Seorang guru memasuki kelasku tecinta ini. Tumpukan buku-buku sudah terpatri erat dilengannya. Karena tak kuat menahan, satu persatu dengan penuh penghayatan beliau tanggalkan buku-buku itu dan meletakkannya di atas meja guru tepat di depan mejaku. Tanpa dikomando terlebih dahulu beliau atau kita panggil saja Ibu Kis dengan suara merdunya memecah kegaduhan ruang 31 ini. Gimana nggak pada kelabakan. Materi ulangan seabrek. Gurunya terkenal kolot. Soalnya singkat tapi jawabannya pannn…jang kayak kereta. Bahkan melebihi sabang sampai merauke. Sudah gitu soalnya banyak banget. Tapi itu tak jadi masalah bagiku. Yang penting usaha dan doa. Nggak perlu nyontek. Mengerjakan soal semampuku. Aku juga sadar. Setiap manusia punya keterbatasan. Seperti aku, terbatas akan harta kekayaan. Tapi itu nggak membuatku merasa harus lengah dan tak bersemangat. Justru karena itu aku mau perjuang untuk masa depanku. Biarlah hidupku sekarang begini, tetapi aku yakin roda akan terus perputar. Tuhan pasti merestui jika aku berdiri di jalan yang benar meski cobaan terus menghadang. Aku yakin! Aku sanggup! Aku sanggup merubah nasibku menjadi lebih baik jika aku konsisten dengan prinsipku. Aku tak mau terbuai akan jabatan, harta melimpah dan rumah yang megah jika aku harus menggadaikan prinsip. Tidak!!! Tidak ada niat sedikit pun untuk berkata iya. Karena di setiap kesulitan pasti ada jalan dan kesempatan walaupun hanya selubang jarum. Aku yakin!
“Ok, anak-anak. Siapkan selembar kertas. Beri nama, nomor absen dan kelas!” Suara Bu Kis membangunkan aku dari lamunan yang panjang.
“Bu, selembar kertas aja nggak bakal cukup. Soal Ibu saja banyaknya kayak bintang dilangit memberikan sinarnya…bla...bla...bla....” Protes Jo dengan gaya kucluknya. Mau ulangan masih saja konser. Mending suaranya merdu. La ini suara hancur, nggak nyadar-nyadar lagi.
“Kamu itu, sudah ulangan nggak pernah tuntas, bisanya cuma protes.”
“Bu, satu lagi.
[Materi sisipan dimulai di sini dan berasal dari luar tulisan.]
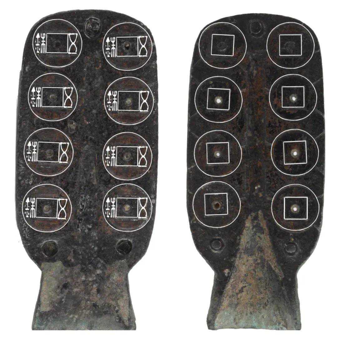 △东汉五铢钱铜范,左图为母范,右图为公范(图片经过处理)。

Eh, maksud saya dua lagi.”
“Apa lagi Jo, Paijo?”
“Kan belum berdoa, Bu. Terus juga belum diabsen. Masak langsung ulangan. Tu namanya menyalahi hak dan kewajiban umat beragama juga menyalahi prosedur. Iya kan teman-teman?”
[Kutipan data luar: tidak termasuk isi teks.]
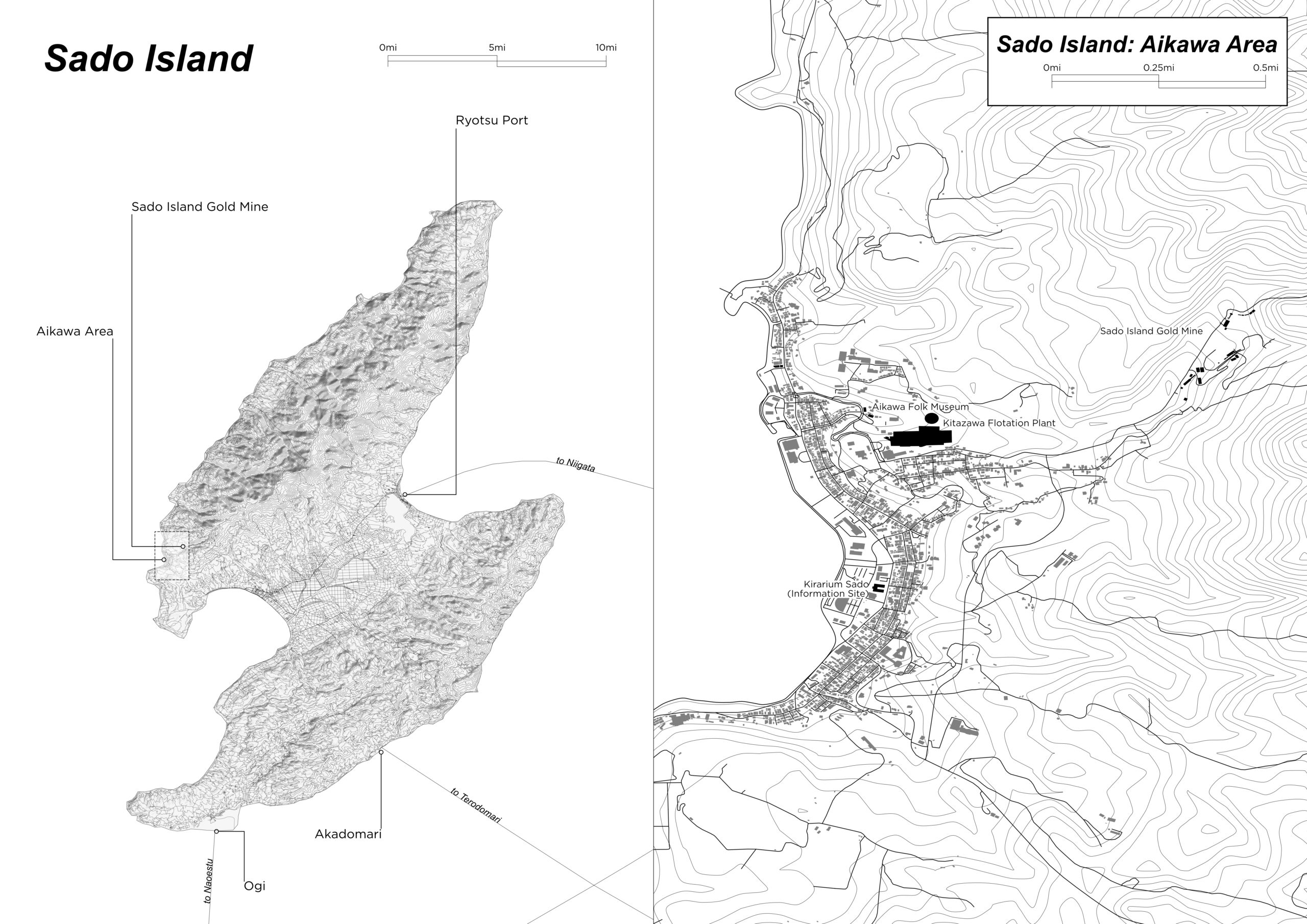 Map of Sado Island [Left] and close-up of the Aikawa Area [Right]. Image credit: Catalina Cabral- Framiñan

“Se…tu…ju….” Teriak suara satu kelas.
“Diam semua!”
“Wah, taringnya mulai keluar.” Bisik Paijo.
Aku hanya bisa mengelus dada. Memang di kelasku Paijo terkenal sebagai anak yang badung nggak tahu yang namanya sopan santun. Tapi yang aku kagumi dari dia adalah hari-harinya selalu diiringi oleh doa. Setiap melakukan segala sesuatu dia selalu berdoa.
“Paijo.”
“Iya, Bu.”
“Pimpin doa!”
“Siap! Laksanakan!” Tersenyum tipis dan berjalan layaknya pemimpin perang yang tak berpengalaman melawan musuh.
“Mari teman-temanku yang Jo sayangi dan cintai, kita berdoa bersama. Jo mohon kalian berdoa dengan serius! Berdoa mulai!”
Semua wajah tertunduk. Kedua tangan menengadah. Memuji keagungan Tuhan. Meminta belas kasihNya. “Berdoa selesai.”
“Kembali ke tempat Paijo!”
“Tak perlu disuruh, Bu. Jo juga tidak ingin lama-lama berdiri disini. Pegel, Bu.”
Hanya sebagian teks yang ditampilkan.